Write down the lines exactly as they appear, from the one that contains "Tôi cần có thể" through the final line of the records, so that both ends are kept and no pictures come along.

= Supplied records =
*** Block opens ***

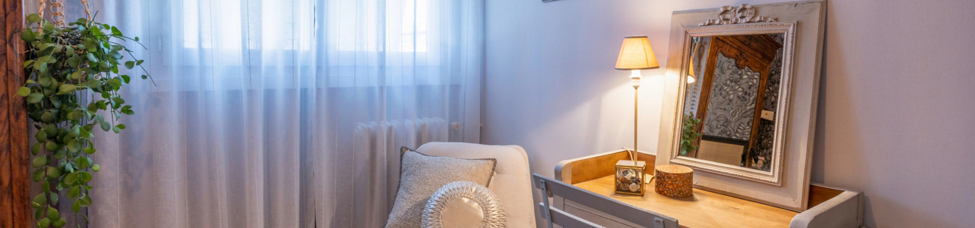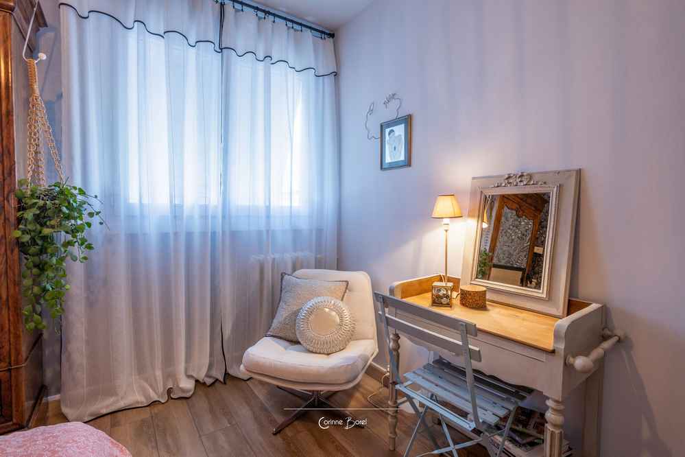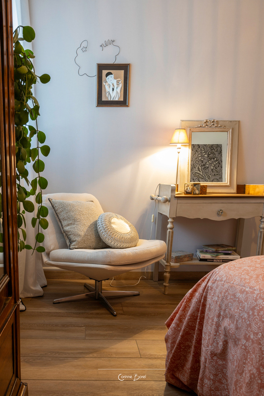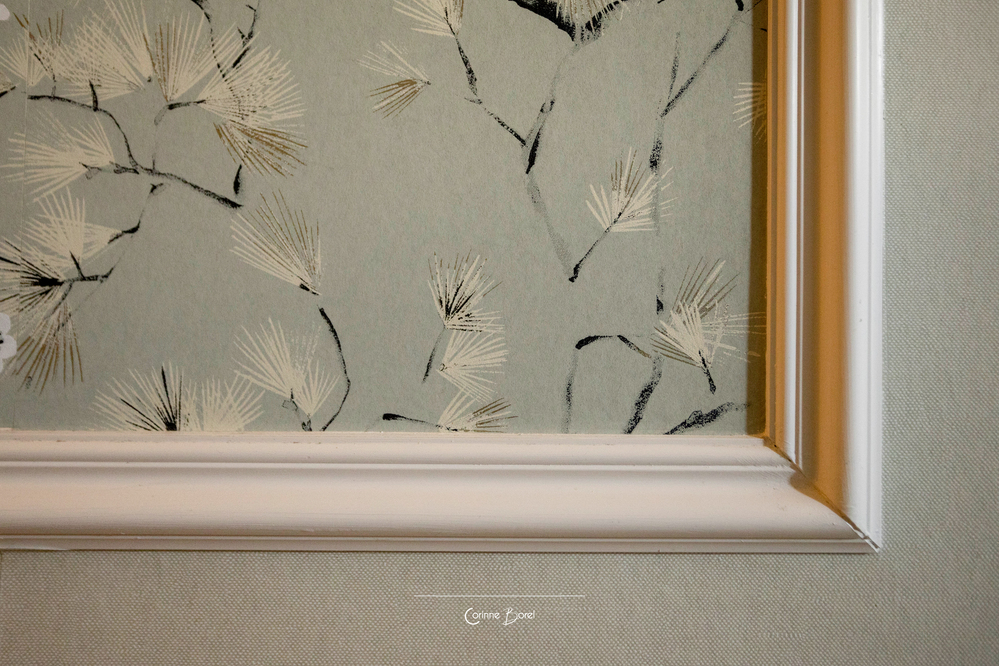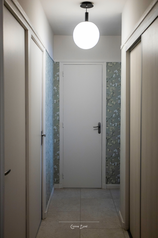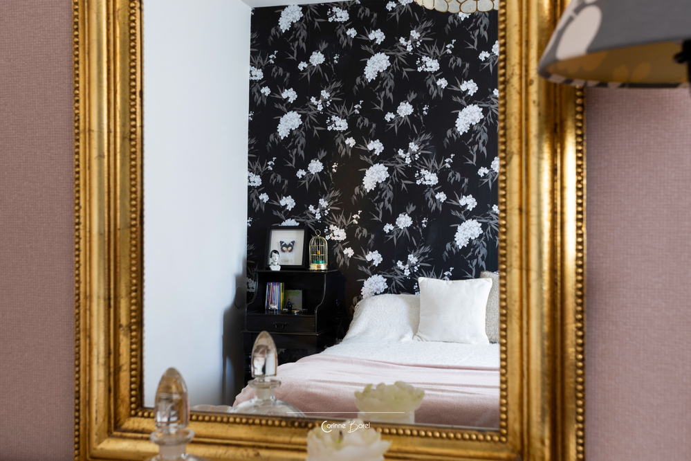 Rafraîchissement d’un appartement La cliente souhaitait créer un véritable fil conducteur dans son appartement, en apportant des touches de douceur tout en conservant les éléments existants. L’objectif : revoir les harmonies de l’entrée et des deux chambres pour sublimer les beaux objets déjà présents et leur offrir un écrin harmonieux. Le choix des papiers peints a permis de rythmer les espaces et d’instaurer une atmosphère apaisante. Les couleurs pastel – vert d’eau et rose pâle – apportent fraîcheur et délicatesse, tandis que les rideaux soulignés d’un liseré noir viennent parfaire les finitions avec élégance. Photographe : Pascale Poujols |
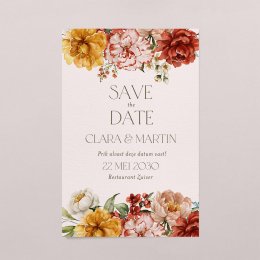 Weelderige gekleurde bloemen sieren de trouwkaart Agostino en brengen een vleugje heerlijke retro charme aan de aankondiging van jullie mooie dag. Een perfecte creatie voor een "ja" gepland in het voorjaar of in de late zomer.
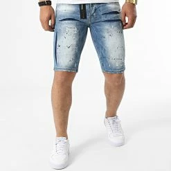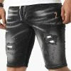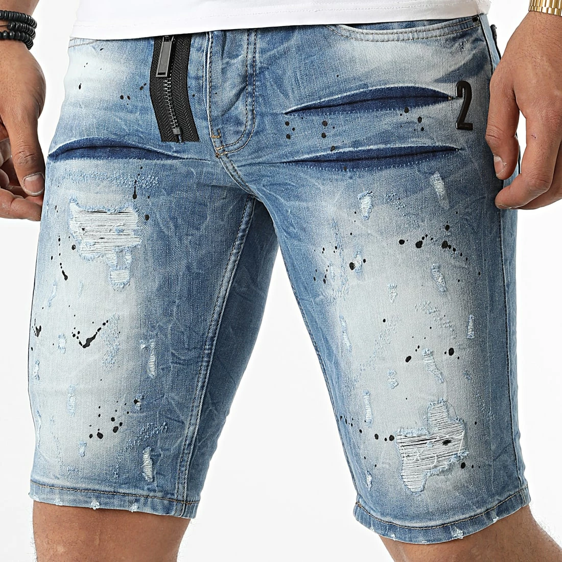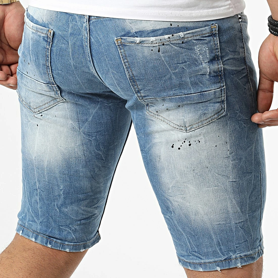• Short en jean tendance finition délavée, tachée et usée avec rapiéçages
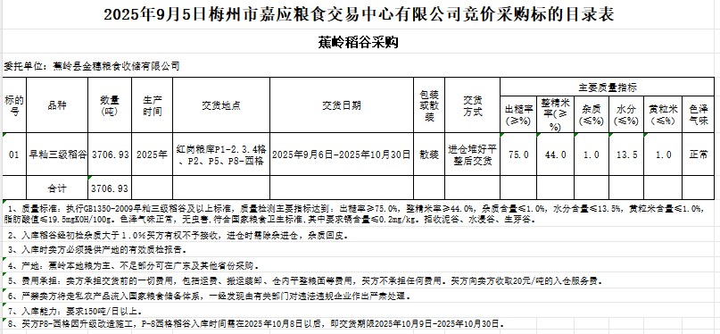 受客戶委托,梅州市嘉應(yīng)糧食交易中心有限公司定于2025年9月5日(星期五)舉辦糧食競(jìng)價(jià)交易會(huì)。蕉嶺縣金穗糧食收儲(chǔ)有限公司采購(gòu)2025年產(chǎn)早秈稻谷3706.93噸。
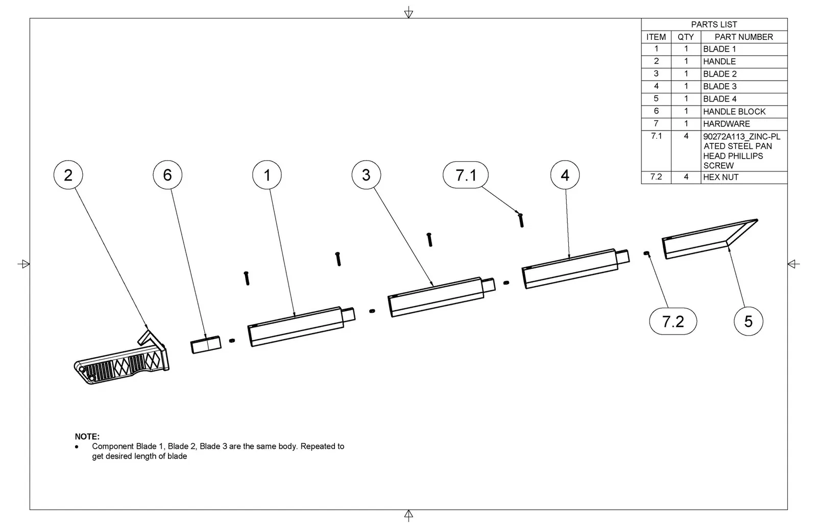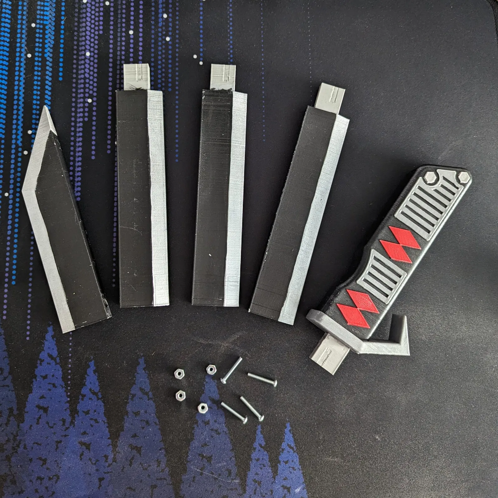 Tôi cần có thể tháo rời thanh kiếm để dễ dàng di chuyển. Điều này giúp việc đi đến một buổi hội chợ dễ dàng hơn vì tôi chỉ có một vali xách tay để mang theo. Các ốc vít là #4-40 x 3/4 in. Tôi tìm thấy chúng tại Lowe's trong một gói có bao gồm ốc vít và đai ốc. Mô hình đoạn lưỡi có thể được lặp lại để có được các chiều dài khác nhau mà bạn muốn. Mỗi đoạn thêm 150mm vào tổng chiều dài. Tôi đã làm điều này cho một bộ cosplay ninja. Chúc bạn cosplay vui vẻ!!
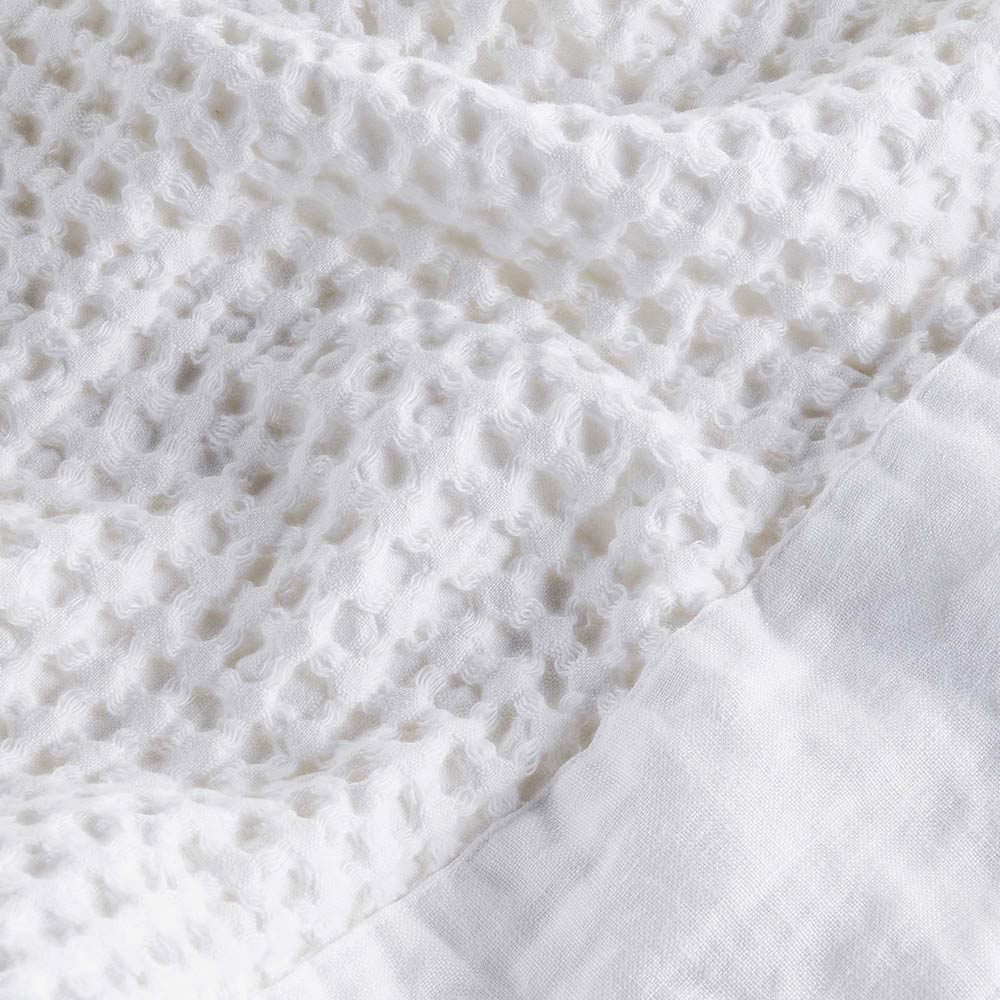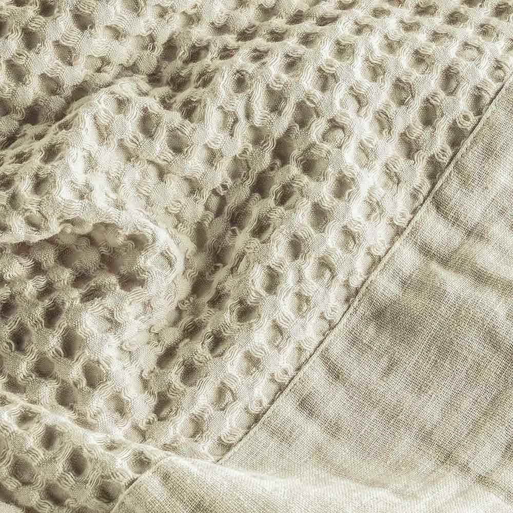 Upplev vardagslyx med vår huvmorgonrock gjord av våffeltyg av bomull , känd för sin lätta känsla och förmåga att snabbt absorbera fukt, vilket ger överlägsen komfort och snabbtorkande. Tyget är smart accentuerat med en linnevolang , som lägger till en touch av hantverksstil och en behagligt kontrasterande struktur.

*** Block closes ***

= Response to the exercise =
 Tôi cần có thể tháo rời thanh kiếm để dễ dàng di chuyển. Điều này giúp việc đi đến một buổi hội chợ dễ dàng hơn vì tôi chỉ có một vali xách tay để mang theo. Các ốc vít là #4-40 x 3/4 in. Tôi tìm thấy chúng tại Lowe's trong một gói có bao gồm ốc vít và đai ốc. Mô hình đoạn lưỡi có thể được lặp lại để có được các chiều dài khác nhau mà bạn muốn. Mỗi đoạn thêm 150mm vào tổng chiều dài. Tôi đã làm điều này cho một bộ cosplay ninja. Chúc bạn cosplay vui vẻ!!
 Upplev vardagslyx med vår huvmorgonrock gjord av våffeltyg av bomull , känd för sin lätta känsla och förmåga att snabbt absorbera fukt, vilket ger överlägsen komfort och snabbtorkande. Tyget är smart accentuerat med en linnevolang , som lägger till en touch av hantverksstil och en behagligt kontrasterande struktur.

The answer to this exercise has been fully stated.